Kahn Swick & Foti, LLC has initiated an investigation into CarMax's officers and directors following the company's disclosure of weak Q2 FY26 results. In the second quarter, retail unit sales fell 5.4% and comparable store sales dropped 6.3%, leading to a 28% decline in net earnings. This operational weakness compounds CarMax's fragile capital structure, with net debt/EBITDA at 17.9x and interest coverage of only 0.3x, as highlighted in the DeepValue report. Governance risks are further elevated by the recent abrupt CEO termination and now this legal scrutiny, adding to execution uncertainty.
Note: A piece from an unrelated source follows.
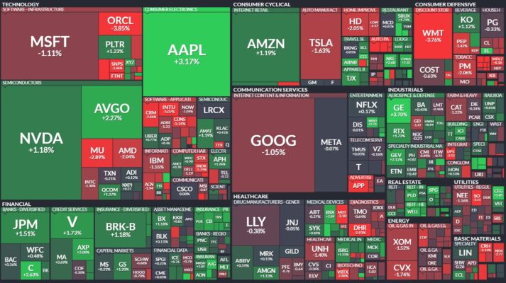 昨日のS&P500のヒートマップを眺めると、上昇した銘柄の方が多かったことがわかります。

The DeepValue report maintains a STRONG SELL stance, estimating intrinsic value at $13.71 per share versus the current price around $41, indicating limited margin of safety amid these challenges.

Implication

The investigation introduces legal overhang that could distract management, lead to potential liabilities, and erode investor trust, worsening an already precarious situation. Financially, the confirmed sales declines and high leverage validate the report's concerns, leaving CarMax vulnerable to further earnings erosion and funding constraints. Governance risks are now more pronounced, with CEO turnover and director scrutiny undermining strategic stability and capital allocation decisions. Market sentiment is likely to deteriorate, pressuring the stock price and complicating efforts to access capital or deleverage the balance sheet. Overall, this reinforces the STRONG SELL recommendation, as the combined operational, financial, and governance risks outweigh any near-term recovery potential, urging investors to avoid or reduce exposure.

Thesis delta

The investigation strengthens the existing STRONG SELL thesis by adding legal and reputational risks that align with the report's warnings about governance and financial fragility. It underscores potential disclosure issues and management missteps, making the case for caution even more compelling without altering the core concerns. Investors should interpret this as validation of the heightened risk profile, necessitating continued avoidance or further reduction in holdings.